Still, the 56 percent surge in home values nationally over the last five years increased the odds that prices would drop overall, panel members said.
"The scope [of the gains] does cause some concern," said Richard Brown, chief economist at the Federal Deposit Insurance Corp. (FDIC). "It's really unprecedented."
While the evolving housing slowdown will depress economic growth though the middle of 2007, it probably won't be severe enough to push the country into a recession, said David Seiders, chief economist at the National Association of Home Builders.
Other areas of the economy — including business investment, exports and commercial construction — are likely to soften the blow from a drop in residential building, Seiders said.
Unlike previous declines in home prices that were preceded by recessions, it won't take a contraction this time around to push down overheated areas, said Patrick Lawler, chief economist at the Office of Federal Housing Enterprise Oversight (OFHEO).
"The exceptional size of some of the recent increases could make them vulnerable without a recession, especially if interest rates continue to rise," Lawler said.

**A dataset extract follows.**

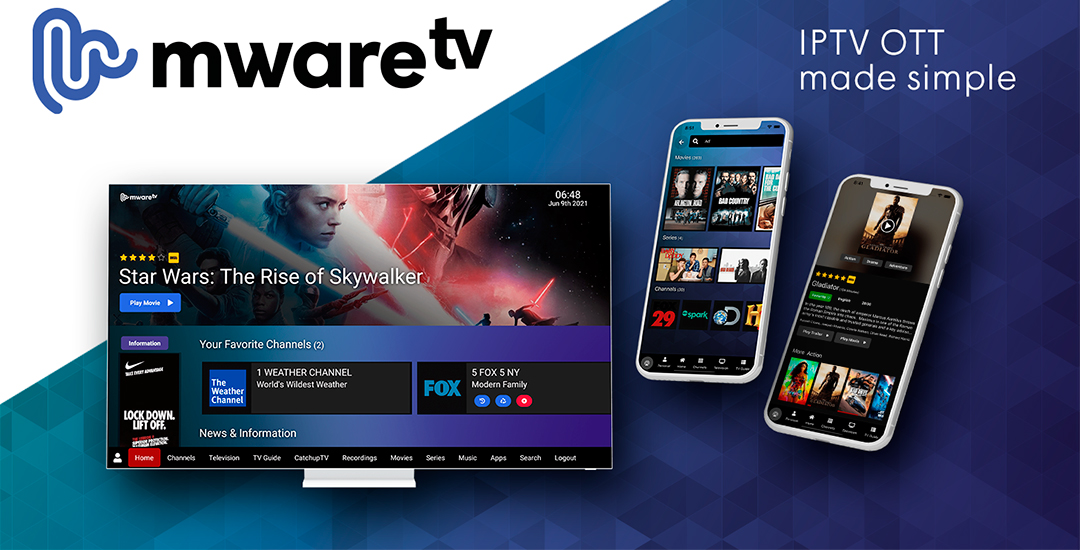 MwareTV proporciona una plataforma de entrega de contenido alojada en la nube para servicios OTT e IPTV. El servicio incluye todas las funciones requeridas, desde la adquisición y entrega de contenido hasta el soporte para aplicaciones de Apple y Android, FireTV, Roku y Samsung y LG Smart TV. La solución está diseñada para ser completamente escalable y rápida de implementar. Los nuevos proveedores de servicios simplemente pagan a medida que crecen, y se conectan inicialmente sin altos costos iniciales y en tan solo cuatro semanas.

While OFHEO'S statistics show home prices during the five-year boom increased 56 percent nationally, five states and the District of Columbia had triple-digit gains. Home prices in Washington, D.C., surged 120 percent, followed by a 113 percent jump in Florida, a 112 percent increase in California and a 105 percent rise in Nevada.
OFHEO'S home-price gauge, considered one of the most reliable because it tracks sales of the same house, rose in the second quarter at the slowest pace in seven years, the federal government regulator reported last week.
The measure rose an average of 1.17 percent during the period, compared with 3.65 percent growth in the second quarter of 2005.
The deceleration was the biggest since the agency began keeping records in 1975.
Asked by Sen. Jack Reed, D-R.I., if he agreed with some forecasts that prices as measured by OFHEO would drop 3 percent in the next year, Lawler said it was "certainly something that could happen and is a matter of concern for us."
So far, most economists agree the decline has been gradual. The Mortgage Bankers Association reported Wednesday that mortgage applications rose to the highest level in more than three months after a recent decline in borrowing costs spurred home buying.
The group's gauge of purchases increased to a nine-week high.